When you see that pattern, you can see the same logic in every headline about defence cooperation.

There is also a softer more human layer: the fear of being locked out. The European economy is breaking up into competing groups. On one side are Rafale and the Franco-German-Spanish FCAS, and on the other is Britain’s GCAP. Now Turkey is trying to get in with Kaan.

That’s confusing for smaller states. Which standard do you put your money on? Who will still back your jets in 2050? Turkey is quietly offering a third option a fighter that works with NATO and has fewer political ties than a French jet. It might also be cheaper to support than a full-fat Anglo-Japanese machine.

If that works, it will change not only Ankara’s status, but also the way mid-tier countries think about buying defence in general.

Tech

Designing a new type of engine together, with Turkish factories making more and more important parts.

Industry

Thousands of skilled jobs will be created in Turkey, from materials science to software and maintenance.

Politics around the world

A small change in power, where Ankara can give partners a fighter jet without having to get permission from Paris or Washington first.

Rivalry

France needs to ease up on its strict rules about tech if it wants to stay relevant in a buyer’s market that is getting tougher.
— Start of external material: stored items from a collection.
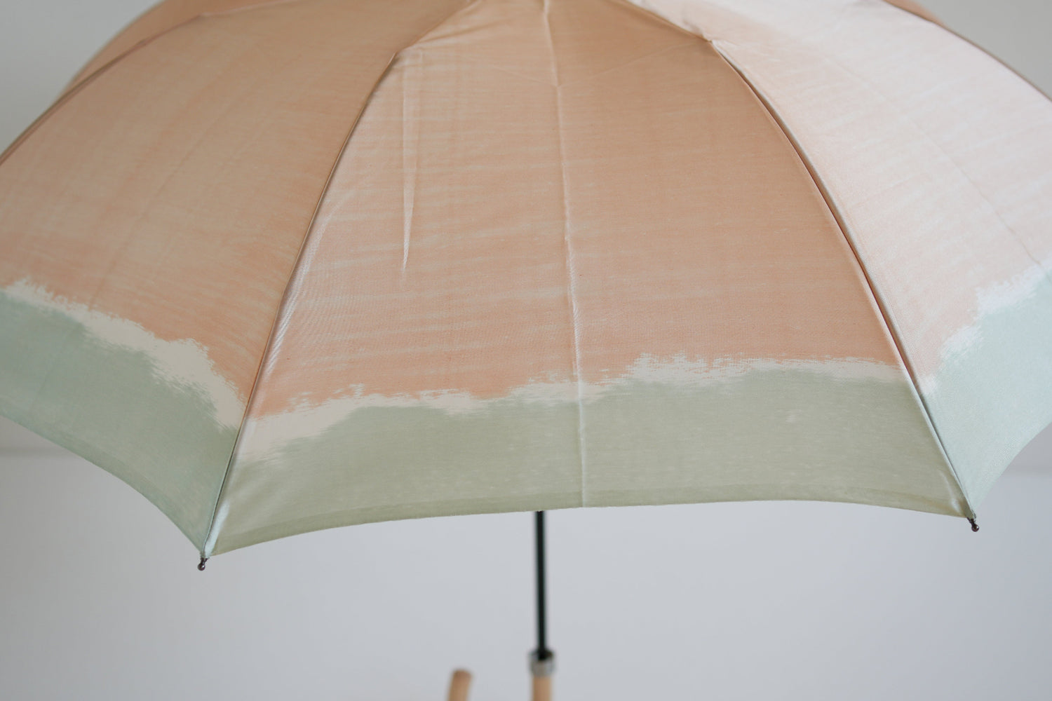 実際の染模様のデザインで捺染型を製作し、仮織をした経糸に捺染を行ない、最後はそれを「ほぐし織」の技術で織模様で表現した甲州織の雨晴兼用傘です。仮織した糸を抜き取りながら織り上げていくことで、境界線がゆらぎ、2色が溶け込むような傘生地が出来上がりました。植物や果実などの自然がもつそれぞれの色を取り入れたカラーバリエーションのため、主張しすぎない明るさと色どりで、ライフスタイルや現代のファッションに合わせやすい傘になりました。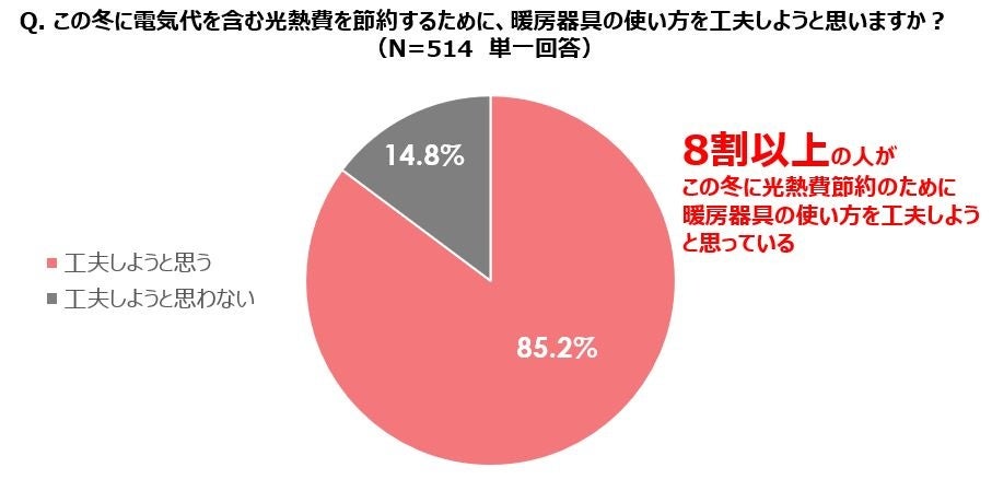 冬本番を迎えるにあたり、この冬に光熱費節約のため暖房器具の使い方を工夫しようと思うか伺ったところ、暖房器具を使用している人のうち85.2%もの人が「工夫しようと思っている」と回答しました。暖房器具による節約・節電方法に多くの人が関心を寄せていると思われます。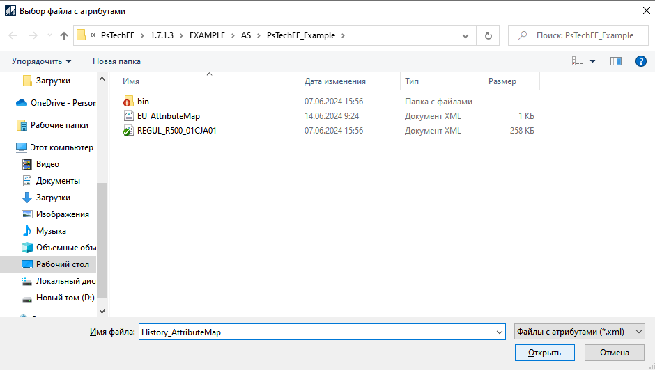 на элементе "AttributeMap". Откроется окно выбора файла, введите название файла и нажмите кнопку "Открыть". Будет создан новый Xml-файл с атрибутами.

A new map of power made up of turbine blades and contracts for export

The Kaan story isn’t really about the flag that is on the engine’s nameplate. It’s about a middle power that doesn’t want to stay in the middle.

Turkey has seen France sell Rafales to Greece, India, Egypt, and other countries, turning fighter jets into megaphones for foreign policy. With Kaan, Ankara wants its own loudhailer built on its land, tuned to its needs, and accountable to its voters.

That’s why the choice of engine is so important: whoever signs on gets a front-row seat to Turkey’s next thirty years of ambition and a way to get into markets that are sick of hearing take it or leave it.

We’ve all been there: the moment you decide you’d rather own your tools than keep borrowing them with strings attached. States feel something similar, but their contracts have more zeroes and their tail fins have more flags.

France now has a partner who acts more like a rival, and Britain sees a chance to get more involved in the future of NATO air power. As tests go on and talks go on late into the night, the Kaan prototype goes out for another taxi run, its temporary engines screaming on the runway.

In the noise and heat, the outlines of tomorrow’s alliances are already starting to show up. They are faint and not finished, but they are impossible to ignore.

Key point Detail Value for the reader
Turkey’s choice of engine Change from being a buyer to a co-developer of next-generation fighter technology Helps explain why this story is important to more than just the military
France vs UK dynamic Safran’s proven Rafale engine offer vs. co-development backed by Rolls-Royce Makes clear the real competition behind diplomatic statements
Effect on buyers in the future Kaan as a possible third choice for states that can’t decide between Rafale and US jets Shows how this choice could change the balance of power in the region.